I feel that this solves @jdidion's issue without requiring an extra keyword. Also the behaviour fits well with the select_first name.

In case a random selection is needed I think a select_random(Array) function is a better fit. In case a non-optional value needs to be fetched this can be used in conjuction with the already existing select_all function. i.e. select_random(select_all([None, 5, None, 6, 7])) -> will select randomly between 5, 6 or 7. I don't see a use case for random selection however. That should be a separate proposal with clear real-world use cases.

rhpvorderman avatar Jul 22 '22 07:07 rhpvorderman

I just fear the type-system. Pragmatically, select_first is the only way to turn X? -> X, although we shouldn't strictly consider the implementation - breaking this would break a lot of workflows.

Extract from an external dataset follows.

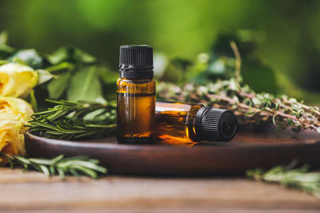 Aroma, two bottles of aromatic oil. Relaxation, beauty image.
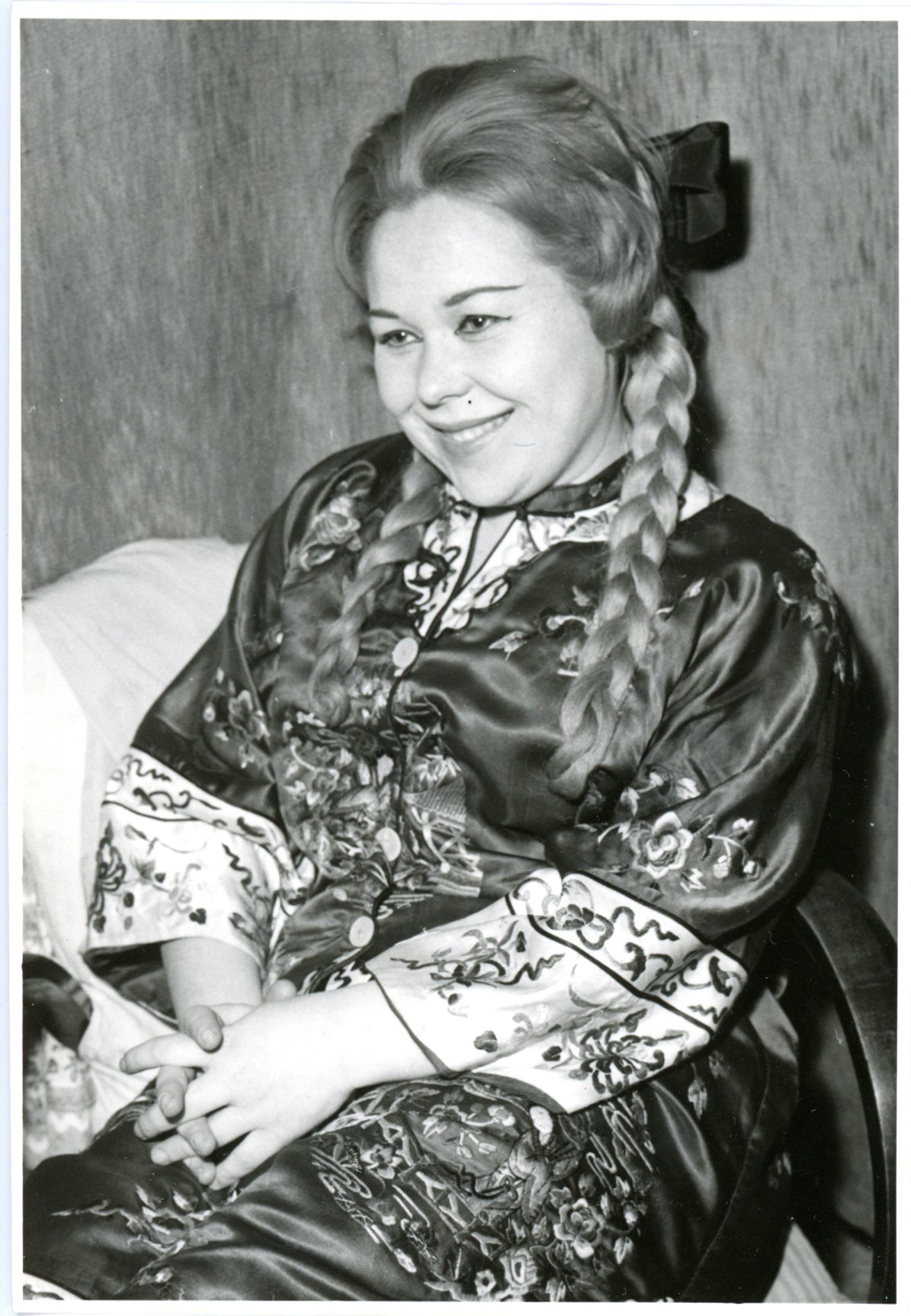 Il celebre soprano in costume nel ruolo di Micaëla nella Carmen rappresentata al Teatro Verdi di Trieste nel gennaio del 1960

I think we should generally tend to introducing new functions, rather than changing the implementation details. For this case specifically, I like the approach in C#, with .First, .Single, FirstOrDefault, SingleOrDefault (where single throws an exception for multiple non-null values).

Edit: I'd also vote for select_random as the function name, taking an extra variable for filtering empty values.

illusional avatar Jul 22 '22 07:07 illusional

@rhpvorderman I like your suggestion of adding a default parameter to select_first much better. It avoids adding a new function, and it avoids the ambiguity of my proposed select_any. I'll update the title and description of this issue.